At some point a woman came along who spoke Spanish, so at least she could interpret.  We finally decided to send them to the clinic after all, since that seemed the most logical thing to do and off they waddled across the parking lot.

I immediately went to the iPhone App store and downloaded Duolingo, determined to try and learn a little Spanish!

Then along came a guy from some Latin country who explained that his wife had finished her courses in pharmacology and was looking for an internship with a pharmacy.  I explained that we didn't do internship and that our pharmacy was very small, but he was adamant that he wanted his wife to have an internship and he wasn't interested in her going to Sacramento, where she would be more likely to find an internship, but wanted it HERE.  He asked "How many patients do you have -- a couple of thousand?"  I told him that if we were full, we had 50 and suggested to him that he go to the med school at the university.  He wanted to know if there was a hospital at the university and I explained that their hospital was in Sacramento, which brought us back to his insistence that she had to do her internship in Davis, despite the fact that there was no facility for her.

Finally, in desperation, I checked the phone number for Sutter's pharmacy and gave that to him and sent him on his way.  I'd love to know what he was told when he called.

At night we went to see a production of a Neil Simon play.  We are going to see God of Carnage tonight, another comedy.  "Two comedies and a funeral," Walt quipped, since we are going to a memorial service on Sunday.

We sat at a table with a nice couple.  Walt introduced himself to the man and explained to me that he had been his boss.  Turns out Richard Rominger served for eight years as the Deputy Secretary of the Department of Agriculture under Bill Clinton so technically he was Walt's boss, several steps up, and that explained why he didn't have a clue who Walt was.

We settled in to enjoy the play, Rumors, which I have since read is one of Simon's funniest comedies, so I'm thinking maybe it wasn't a very good production since all four of us were ready to leave at intermission.  I thought it would be an easy review to write, but it's not going to be.  This is a company that gives the term "amateur" its true meaning, people doing it for the love of it in a tiny town so I always try to be more gentle with their reviews.  As I said, this one is going to be tricky.

4 comments:

Lise said...

Rumors is the show that taught me how to swear. I was ina production of it many years ago and has to drop the F bomb several times. I still say "Oh, fuck a duck!"

Anonymous said...

Bev~Is your Funny the World website not updating?
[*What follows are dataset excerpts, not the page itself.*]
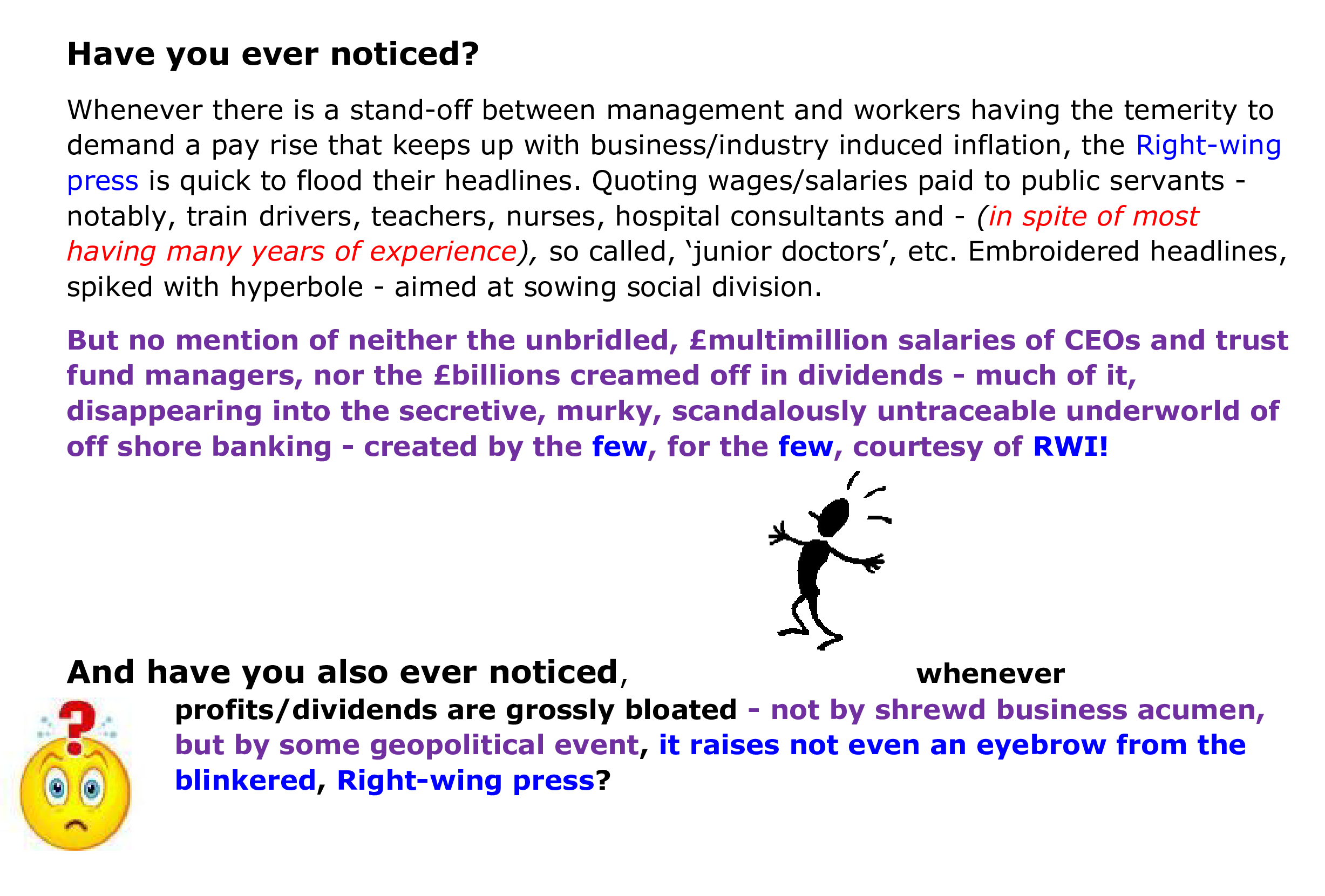 Along with the long trail of undelivered promises of ‘jam tomorrow’, the damning hallmark of RWI, stretching way back to early postWW2 years, will be lost on much of UK 21st century society – its innate, self-serving nature, constantly blocking the route to a more equitable society. While ever this is tolerated, the wealth created by the endeavours of the many will forever be channelled into the pockets of the few.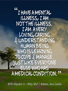 Mental illness is a real illness there are many who do not seem to think so, to me it doesn’t matter if it is depression or something like bipolar it is real and if a person is prescribed medication for it they should take said medication. It bothers me when I hear certain people I know say that some family members do not need their medication, would they say that if the person had a heart condition, high blood pressure of even diabetes.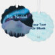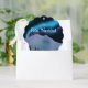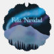 An einer kalten Nacht in Alaska leuchten lila und blaue Nordlichter über schneebedeckte Berge. Spanischer Text, "Feliz Navidad" erscheint in blau-weiß. Fügen Sie auf der Rückseite Ihren eigenen zusätzlichen Text hinzu.

Mine last auto-update (if that makes sense) is from the middle of February.

I guess it could be my computer?
Bev~Is your Funny the World website not updating? Mine last auto-update (if that makes sense) is from the middle of February.

I guess it could be my computer?

Bev Sykes said...

It has been updated every day. Try holding down the shift key while you hit enter. See if that helps. The index page (the one that lists all the entries) is a brand new page on the first of each month, so it has to be your computer. Or you can go directly to http://www.funnytheworld.com/2017/Mar/11.htm for today's entry.

Anonymous said...

Thank you so much!
I've been living your life . . . pertaining to your Mom . . . . it helps to know we are all in this together, at some point!